Peki genel olarak toplumsal yaşamımız ne durumda? Toplum olarak yaşadığımız değişimleri de böyle basit bir yöntemle listeleyerek şu normal bu anormal demek o kadar olur mu? Toplumları yaşayan organizmalara benzeten ve doğal olarak değişim süreci geçirdiğini bildiren Durkheim’ın ileri sürdüğü kadar akışında mı bizim değişim hikayemiz?

Postmodern çağın norm tanımaz genel akışkanlığı ve kuralsızlığının küresel etkisi bir yana, toplum olarak yaşadığımız anormal- normal ayrımında kafalarımızın bu kadar karışık ya da bir o kadar hiç karışık olmaması üzerine konuşurken kasıtlı naiflik yapılması gerektiğini savunuyorum. Bir diğer deyişle, olan biten karşısında umursamaz bir kabulleniş ya da entelektüel teoricilik arasında sıkışıp kalmak yerine, deliler evine dönen toplumumuzdaki anormallikleri naifçe işaretlemeye devam etmeliyiz ki hala birlikte yaşayabileceğimiz bir toplum var olsun.

Sihirli Cümle: Toplum Çok Bozuldu

Toplum çok bozuldu diye sihirli bir cümlemiz var. Artık neredeyse hiçbir gerçeklik üzerine anlaşamayan bizler, bir şeylerin kötü gittiği konusunda hem fikiriz. Sebepleri ve ne yapılması gerektiği konusundan bahsetmiyorum, zira o kısım herkese göre ya da bölünmüş kampların resmi görüşüne göre değişiyor. Malum, artık herkesin öznel ve resmi olmak üzere en az iki görüşü var.  Çoğu zaman hiç birini ifade etmek istemese de.

Elbette herkes kullanıyor bu sihirli cümleyi: Toplum çok bozuldu.  Bunu söyleyip geçtiğimizde sorumluluğu üzerimizden atmış oluyoruz sanki. O toplumun içinde ben yokum, toplum benden bağımsız soyut bir kavrammış duygusu yaratılıyor bu cümle kurularak.

Oysa artık elimizde olanın yerine bir alternatif olarak daha iyi bir toplum nasıl olur diye konuşmuyoruz bile. Her gün vicdanları yaralayan, hani insan olan üzülür biraz dediğimiz olaylara verilecek en basit tepkiler bile ‘duyar kasmak’ olarak etiketlenip gözden düşürülüyor. Kısa vadeli zihinsel yapımıza uygun olarak akşamdan sabaha unutuyoruz en ‘unutmayacağız’ sloganları attığımız şeyleri bile.

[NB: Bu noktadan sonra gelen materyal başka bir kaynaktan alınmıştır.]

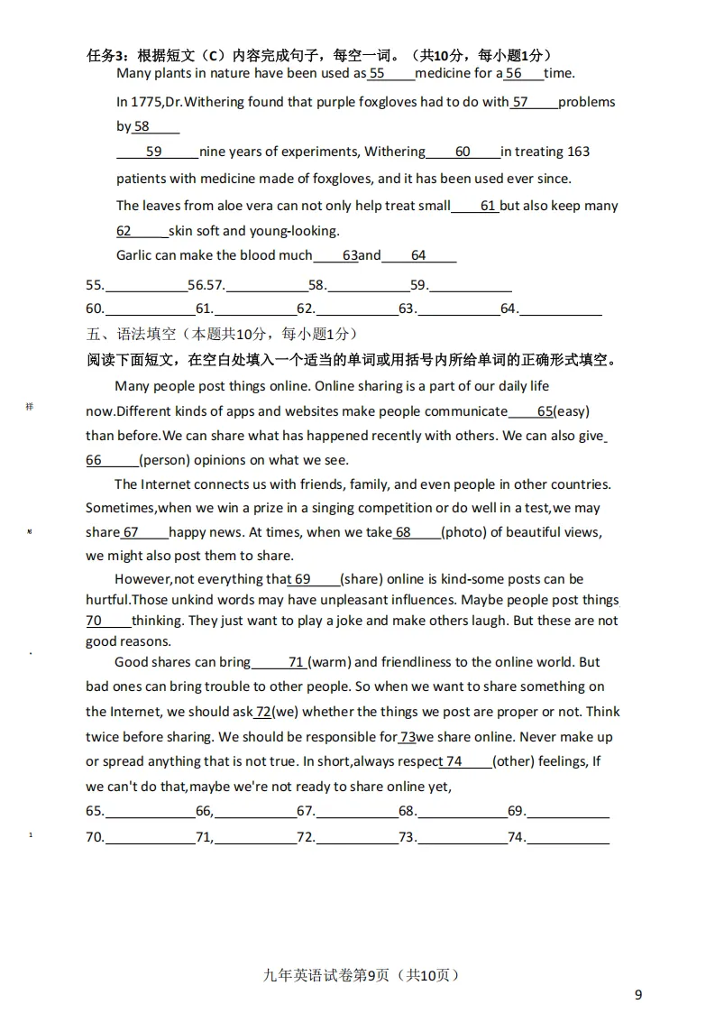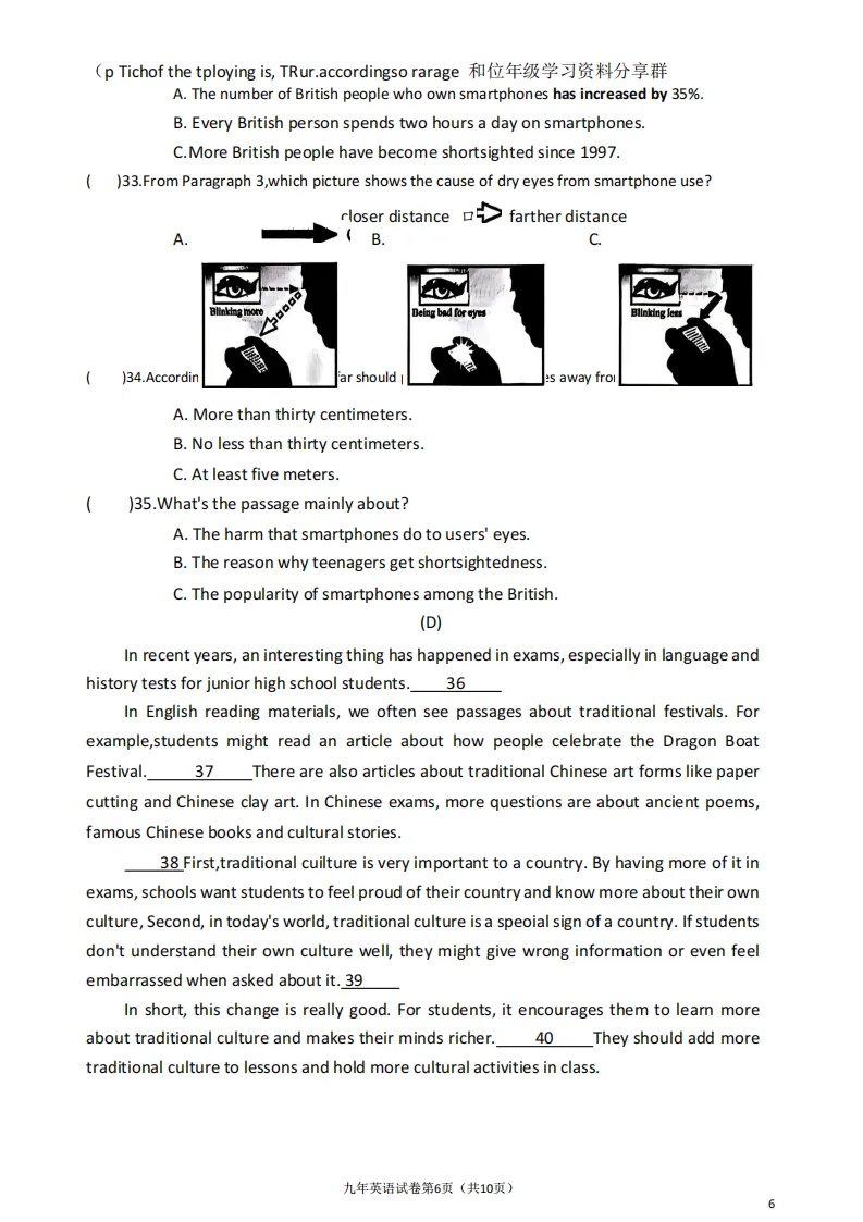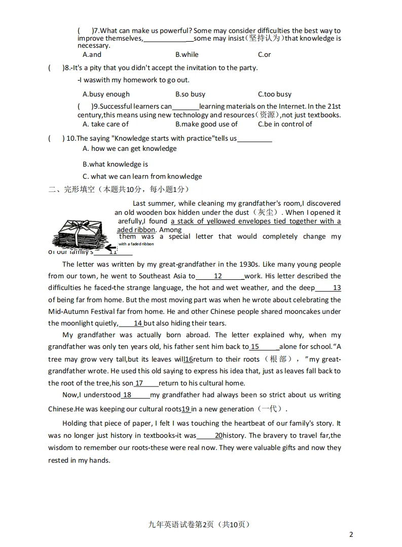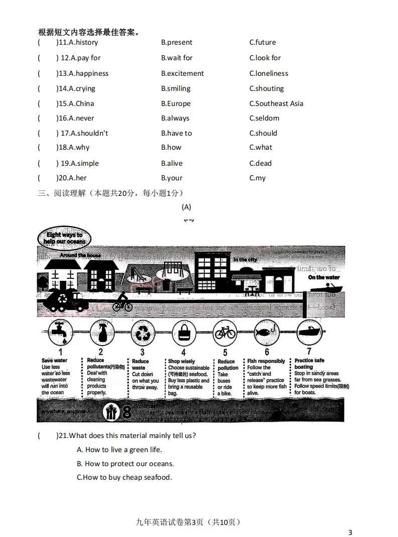>2026哈尔滨道外区九年级下英语一模 试卷+答案

Bu ‘uyum süreci’ni borçlu olduğumuz iki türlü algı yönetimi süreci içindeyiz: İlki hiçbir şeyi değiştiremeyeceğimize olan çaresizlik inancımız. Diğeri ise tüm bu olup bitenler karşısında bir şey yapamıyorsak kendimizi korumamız gerektiği yönündeki bireyci bakış açısı.        

‘Başka Çare Yok’

Fukuyama, ‘Tarihin Sonu’ denemesini yazdığında artık neoliberal sistemin tüm yeryüzünün kaderi olduğunu, ekonomi-politik sistemin hiçbir alternatifinin kalmadığını savunmuş, benim seküler kadercilik dediğim yeni bir determinizmin de zaferini ilan etmişti. Tarih boyunca hiçbir sistem bu denli ikiyüzlü olmamıştır sanırım. Bir yandan insanın seçme özgürlüğünün sınırsız olduğu fikri pompalanırken diğer yandan bireyin tek yapması gerekenin piyasa dinine itaat etmesi şartının insan ruhundaki hasarını seyrediyoruz bugün.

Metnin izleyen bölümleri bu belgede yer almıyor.